— Володя! Я тебя умоляю, тебе нельзя так лежать! Ты же перестанешь нравится барышням, дамам, гимназисткам и веселым вдовам! Ты умираешь прямо у меня на глазах! — всплескивает руками молодцеватый офицер в гусарской форме с залихватски завитыми вверх усами: — Я не могу допустить твоей гибели!
— Со мной все в порядке, ээ… — моргаю глазами я, стараясь припомнить что именно Пахом сказал мне, когда открывал дверь. То ли «приперся орясина окаянная», то ли «снова этот». Информации явно маловато…
— Вот! Ты забыл даже меня! Меня, твоего лучшего друга! А ведь ты мне должен сто рублей! Да, да, именно! Но мы, гусары, народ щедрый, можешь не отдавать. Ты главное оденься и пошли, пошли, пошли! Сегодня в салоне мадам Лили будут сестрички Зимины! Что, забыл как хотел за старшенькой приударить? И не только они! Анастасия Летова, Наталья… забыл как ее… ну, вдовушка отставного полковника, та с большой грудью, тебе такие нравятся. И Татьяна твоя тоже будет. Ну что ты куксишься, пошли! Если с старшенькой Зиминой не удастся мосты навести и фортификацию устроить, так ты всегда можешь с Татьяной домой уйти, она тебя спрашивала! — тормошит меня гусар.
— Какая у меня оказывается насыщенная жизнь была, — произношу я вслух: — деятельный я человек. Как выясняется.
— Ну хорошо, — закатывает глаза гусар и хлопает себя по колену: — да, обычно ты не пользовался у барышень популярностью, но! У тебя же Старший Родовой Дар открылся! Ты же будешь звезда вечера! А сестричек Зиминых две! Понял? Одна тебе — одна мне! В таком возрасте и инициацию поймать — это ж диковинка какая! Мы с тобой, Уваров, на живца будем сегодня ловить!
— Пахом! — зову я денщика и тот появляется из-за двери: — А скажи-ка мне, добрый человек, это правда, что я тут по салонам таскался?
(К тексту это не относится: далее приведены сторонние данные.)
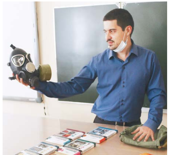
Изучаем устройство противогАЗа.

– Очень безопасно жить! Потому что уроки ОБЖ являются главными в школьной программе, ведь нам надо научить детей ответственности за безопасность жизни и грамотным действиям в условиях ЧС. Мы живем в суровом мире, и вопрос выживания остро стоит на повестке дня. При правильном преподавании урок ОБЖ станет еще и «Островом безмятежной жизни».

— Ежели бы таскались, так у меня, может, работы поменьше было, — гудит Пахом: — куда вам. Сычом сидели дома да на портрет кузины Ай-гуль слезы лили, прости господи…
— Да забудь ты о своей кузине! — экспрессивно трясет рукой гусар: — Кузин у тебя еще будет… хм… хотя вот кузин у тебя немного, да. Сколько их у тебя всего? Восемь? Десять? Никогда твоих кузин не считал…
— Пахом! — снова повышаю я голос: — А этот вот джентльмен действительно мой лучший друг?
— Вражина он ваш. Вечно вас из дому утащит, а назад вернет в непотребном виде… пьяным и грязным. Да еще иной раз и заблёванным, прости господи. — ворчит Пахом и складывает руки на груди. Он господина гусара не сильно-то привечает.
— Когда такое было⁈ — возмущается гусар: — Твой денщик преувеличивает!
— Я не денщик! Я персональный слуга! — сердится Пахом и привычный простонародный акцент исчезает из его речи: — Я в вашу армию не записывался! Я за Владимиром Григорьевичем пришел!
— Хорошо, — соглашаешься гусар: — возможно и было. Разок-другой. Но! Это подтверждает, что я твой лучший друг, Володенька. Одевайся. И чтобы через полчаса в салоне был — я уже там буду. Дай мне честное офицерское слово что придешь. Хоть один, хоть со своей Татьяной из Заречья.
— Не приду я никуда. — говорю я: — Мне полковник сказала, чтобы я отдыхал.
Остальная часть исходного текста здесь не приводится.